An Attribute-Based Image Segmentation Method

M.C. de Andrade^a, G. Bertrand^b A.A. de Araújo^c

^aCentro de Desenvolvimento da Tecnologia Nuclear - CDTN, 31270-010 Belo Horizonte - MG, Brazil
^bEcole Supérieure d'Ingénieurs en Electrotechnique et Electronique, ESIEE, Noisy-le-Grand, France
^cUniversidade Federal de Minas Gerais - UFMG/DCC, 30161-970 Belo Horizonte - MG, Brazil

Sourse of information: http://www.scielo.br/scielo.php?pid=S1...=sci_arttext

This work addresses a new image segmentation method founded on Digital Topology and Mathematical Morphology grounds. The ABA (attribute based absorptions) transform can be viewed as a region-growing method by flooding simulation working at the scale of the main structures of the image. In this method, the gray level image is treated as a relief flooded from all its local minima, which are progressively detected and merged as the flooding takes place. Each local minimum is exclusively associated to one catchment basin (CB). The CBs merging process is guided by their geometric parameters as depth, area and/or volume. This solution enables the direct segmentation of the original image without the need of a preprocessing step or the explicit marker extraction step, often required by other flooding simulation methods. Some examples of image segmentation, employing the ABA transform, are illustrated for uranium oxide samples. It is shown that the ABA transform presents very good segmentation results even in presence of noisy images. Moreover, it's use is often easier and faster when compared to similar image segmentation methods.

1. Introduction

This paper describes the ABA (Attribute Based Absorption) transform, a new image segmentation method founded on Digital Topology and Mathematical Morphology grounds. The ABA transform was originally conceived to simplify the segmentation of ceramic materials, whose images often present challenges, like illumination gradients, excessive number of minima, ill-defined regions (grains, pores, etc.), broken contours, etc.

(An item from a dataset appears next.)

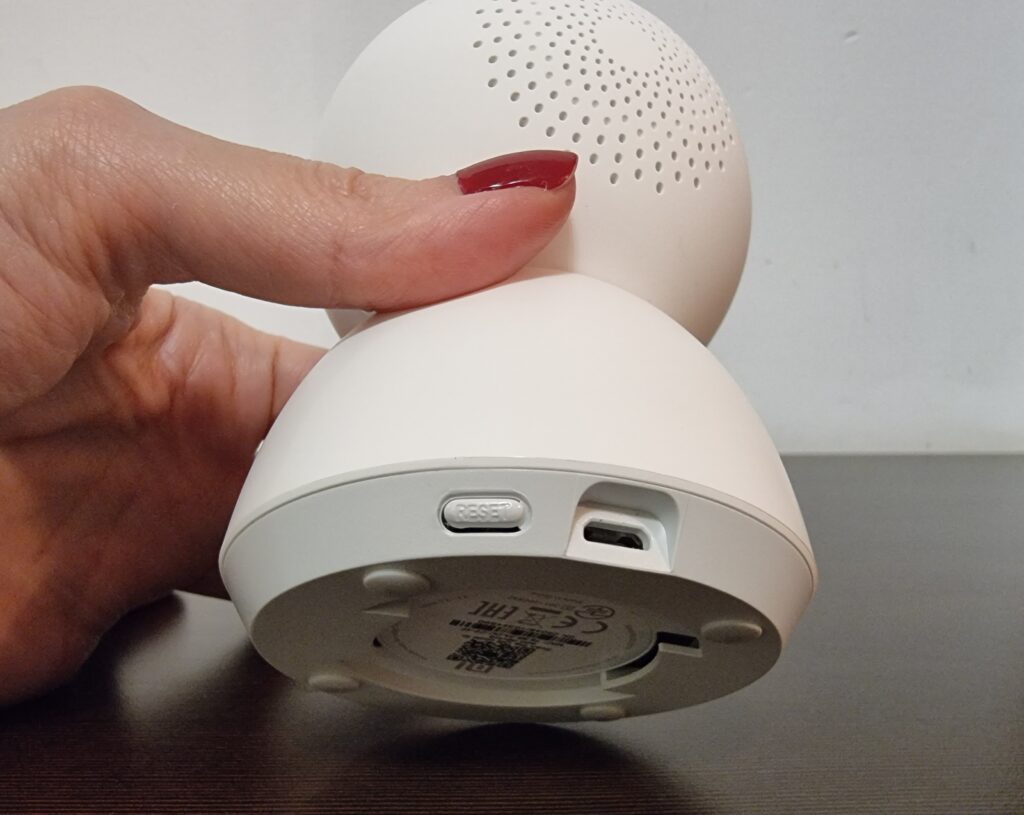 Включването към захравнането се осъществява с кабел в micro USB порт на гърба в долната част на камерата. В ляво от него е “Reset” бутонa за reboot на камерата. Reboot може да се осъществява и дистанционно през интерфейса на телефона. Във видеото в края на публикацията можете да видите как.

A great number of image segmentation methods is available in the technical literature to deal with this kind of problem. Several efficient image segmentation methods are known as the watershed the dynamics, waterfall, h-domes extinction functions and attribute opening. A significant part of these methods, including the ABA transform, employ the powerful flooding simulation technique. The flooding simulation, however, is very sensitive to noise requiring an image smoothing step before the image segmentation. The ABA transform acts at the scale of the significant structures of the image thus avoiding the smoothing step. Derived from the watershed, the ABA transform incorporates a set of simple topological rules, which merges the non-significant regions of the image taking into account some of its geometric attributes, thus reducing the typical over-segmentation and producing a segmented image in one single step.

2. Materials and Methods

Routine procedures in quality control often require the determination of the volumetric grain size distribution to characterize a given material, since many of the its physical properties can be infered from this distribution. The characterization process usually depends on an image analysis step, which, by its turn, requires an image segmentation step. The segmentation can be done by hand or by an automatic or semi-automatic procedure and this choice usually depends on the problem and on the image quality. Tha ABA transform is classified as a semi-automatic image segmentation method.

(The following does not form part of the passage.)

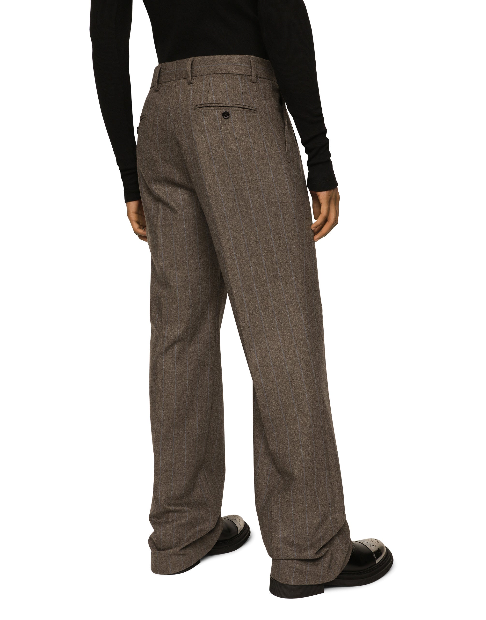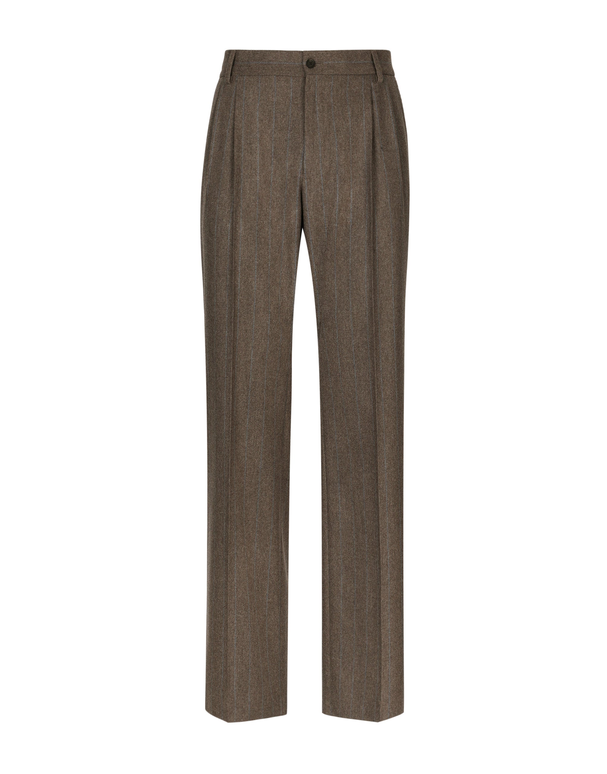 For FW23, Dolce&Gabbana rereads its own historical archive, which is an inexhaustible source of inspiration that is rich in fascination and creativity. The garments accompanied by a “Re-Edition” label report the dates referenced by the collection. Each look enhances in all its sophistication the concept of timeless relevance of a historical archive allowing new generations to discover a past but always current universe that is rich in creative insights and possible personal interpretations. Tailored straight-leg pants in pinstripe stretch cashmere and wool flannel: • Brown • Regular fit • Belt loops on the waist • Fly-covered zipper and button fastening • Single dart • Front slant pockets and buttoned welt pockets at the back • The item measures 120 cm on the outer leg and the hem is 28 cm wide on a size IT 48 • The model is 185 cm tall and wears a size IT 48 • Made in Italy

To illustrate the ABA transform some typical ceramical samples of uranium oxide, prepared at the CDTN material's lab, are presented. These samples are sinterized pellets of uranium oxide that have been submitted to chemical, thermal and mechanical treatment. The images were photographed from an optical microscope and the resulting micrographs were digitized with a scanner.

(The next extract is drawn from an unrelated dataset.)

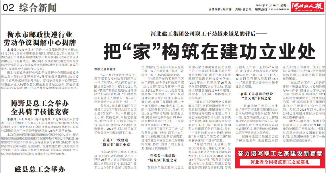 河北建工集团公司职工干劲越来越足的背后—— 把“家”构筑在建功立业处 “从中秋月饼到冬至饺子,项目部工会没有给我们落下过一样。”前不久,河北建工集团有限责任公司(以下称河北建工集团)宁晋产教融合基地项目部塔吊司机赵磊感慨道,“公司对待我们...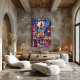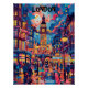 This vibrant illustration portrays London at night through a bold, colorful cityscape centered around Big Ben and bustling streets. Expressive brushwork, glowing lights, and dynamic urban energy create a modern artwork that captures the rhythm of the city after dark. Ideal for contemporary interiors, city lovers, and statement wall art collectors.

Many microscopic images, like the ones here shown, reveal a microstructure composed of individual regions separated by thin gaps. As an example, Fig. 1a shows a highly magnified cross-section of a uranium oxide sample. This ceramic material is compound of several grains whose borders should be correctly extracted in order to evaluate the grain size distribution. Figure 1b, the negative image, shows the grains as darker regions, separated by gaps as brighter regions. The negative image is useful in the flooding simulation process.

Figure 1. Micrograph of a higly mignified cross section of a uranium oxide sample: (a) original, and (b) negative image.

Very few of the known image segmentation methods are robust enough to correctly extract the grain's borders. Usually the images present illumination gradient, noise, and defects that preclude the use of conventional segmentation techniques. Unless the segmentation is done by hand, automatic or semi-automatic segmentation require more effective methods.

Image segmentation based on the watershed transform is well suited for this task. However, despite its robustness the watershed transform can not be directly applied to an image, because it would produce a strongly over-segmented image as shown in Fig. 2b. The over-segmentation is often due to the excessive number of local minima present in the original non-filtered image, as shows Fig. 2a. Achieving a suitable segmentation means to suppress, someway, all the non-significant minima present in the image.

Figure 2. Micrograph of a higly mignified cross section of a uranium oxide sample: (a) minima shown as white spots, and (b) over-segmentation resulting from the watershed transform applied to the non-filtered image (a).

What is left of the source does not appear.